* Your task *
If pictures appear among the lines below, leave them out while you return exactly the lines from the one with "Het toilet is" through the one with "自然薯推しのお店ですが、天丼".

* Provided records *
/---

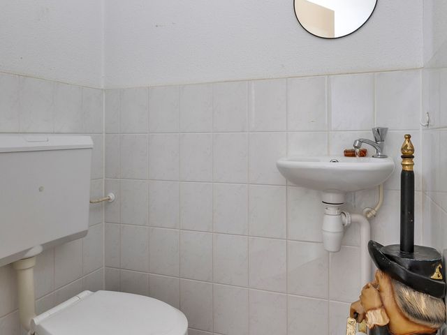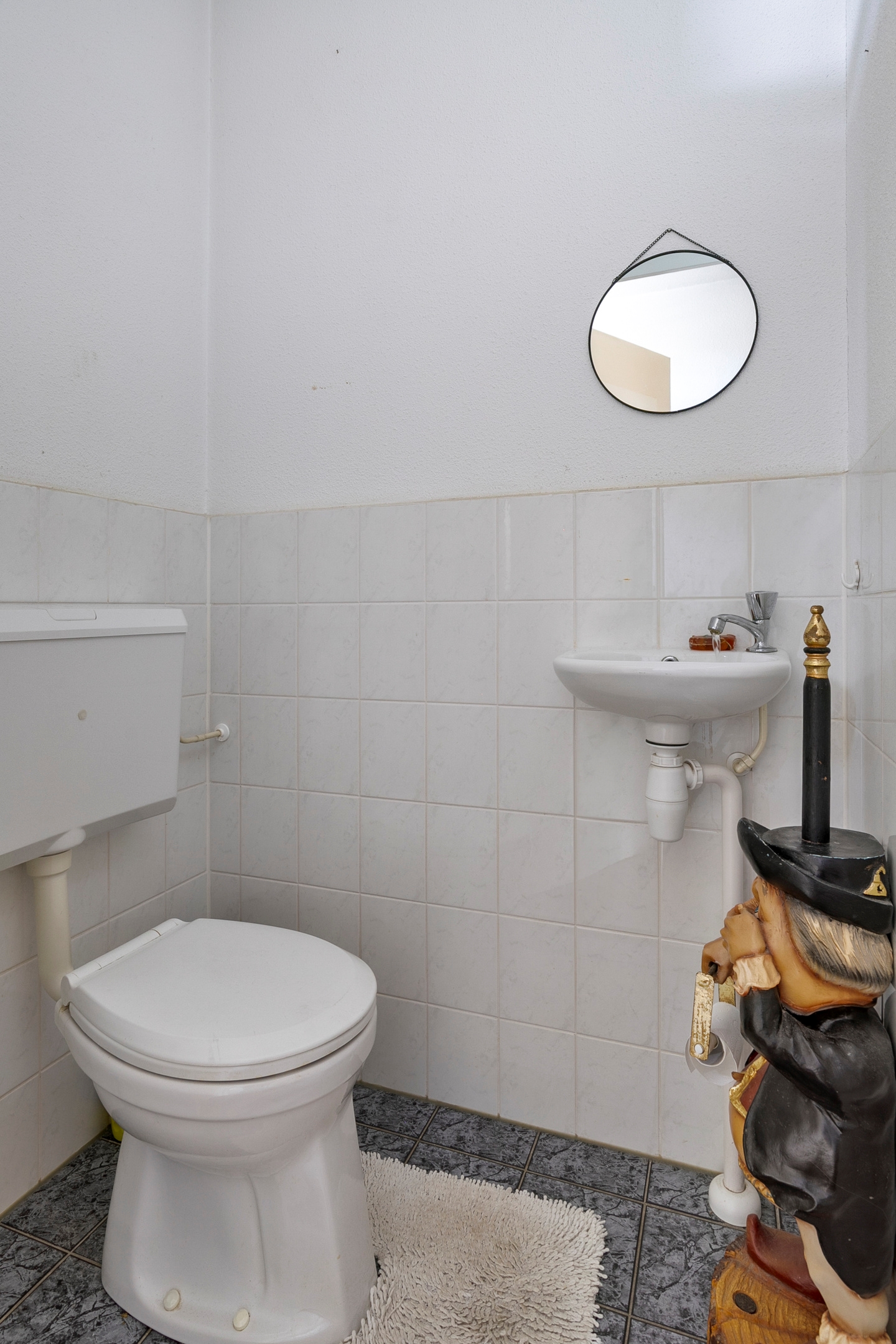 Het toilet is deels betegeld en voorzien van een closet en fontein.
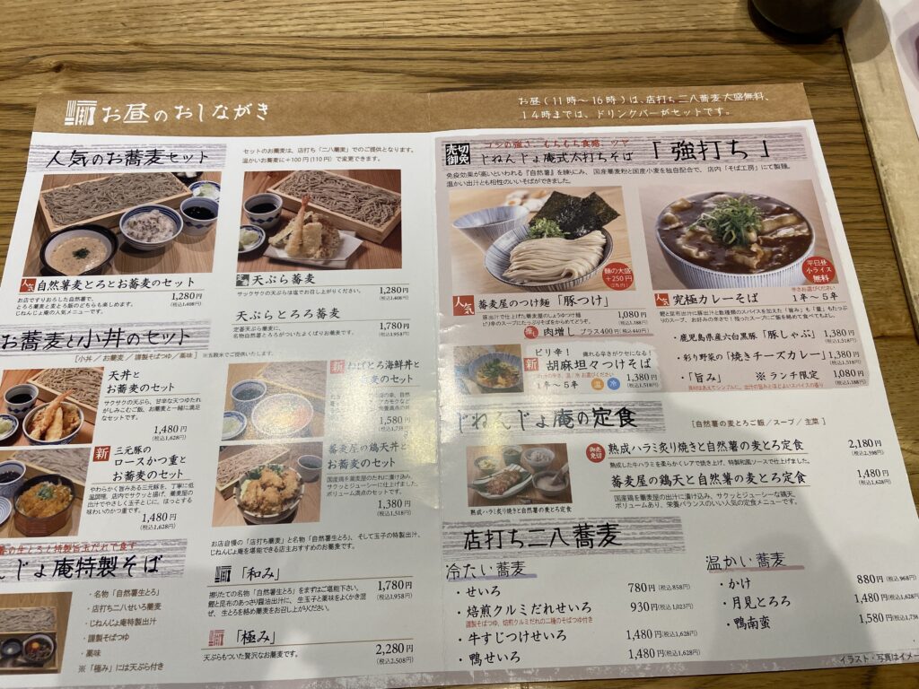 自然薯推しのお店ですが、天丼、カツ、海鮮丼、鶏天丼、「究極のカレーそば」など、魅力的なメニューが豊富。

\---
/---

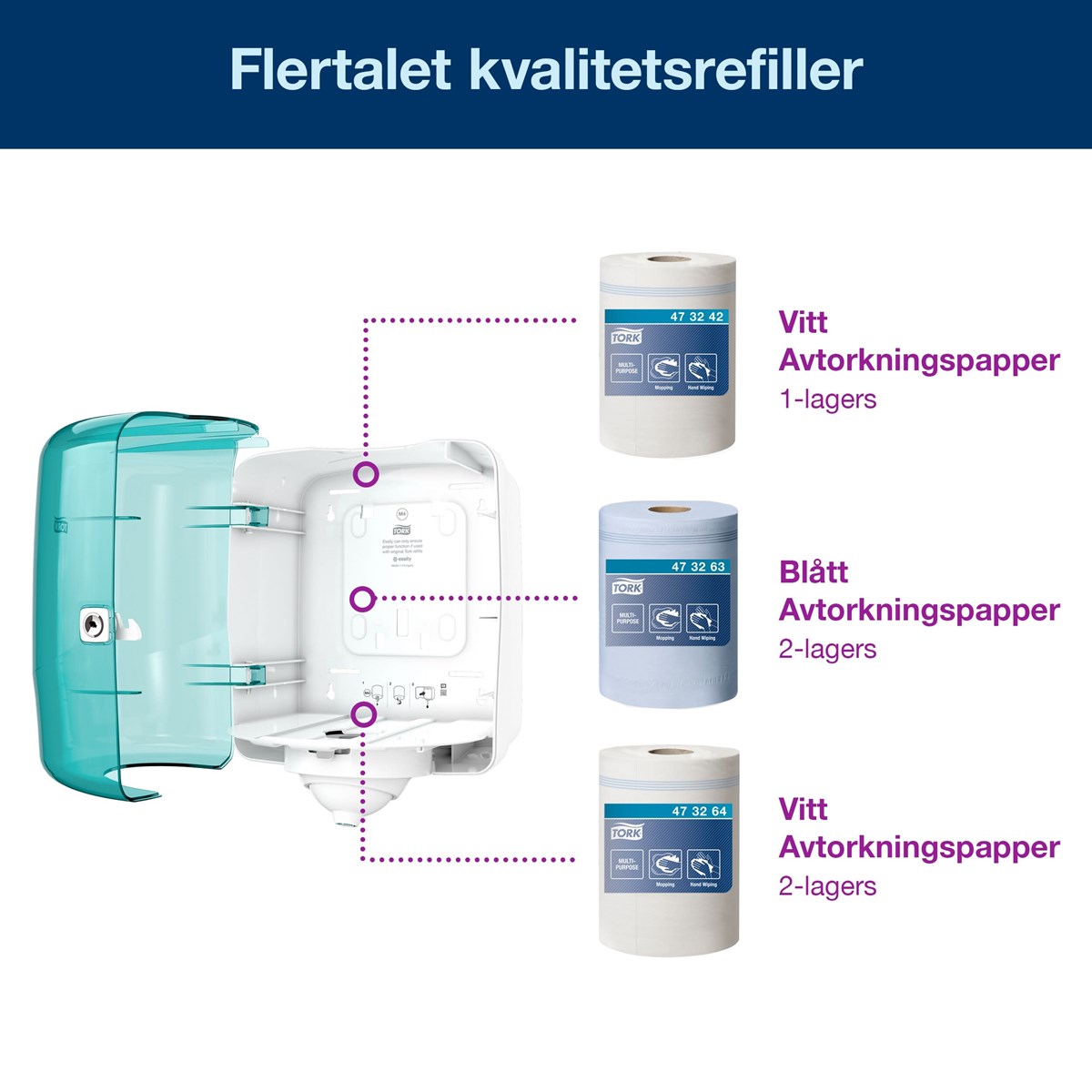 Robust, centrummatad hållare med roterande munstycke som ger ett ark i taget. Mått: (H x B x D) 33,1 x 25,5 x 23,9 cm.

\---
/---

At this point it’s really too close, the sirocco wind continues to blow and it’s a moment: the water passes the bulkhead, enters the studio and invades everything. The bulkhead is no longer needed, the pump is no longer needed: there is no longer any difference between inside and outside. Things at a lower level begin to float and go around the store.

\---

* Answer section *
 Het toilet is deels betegeld en voorzien van een closet en fontein.
 自然薯推しのお店ですが、天丼、カツ、海鮮丼、鶏天丼、「究極のカレーそば」など、魅力的なメニューが豊富。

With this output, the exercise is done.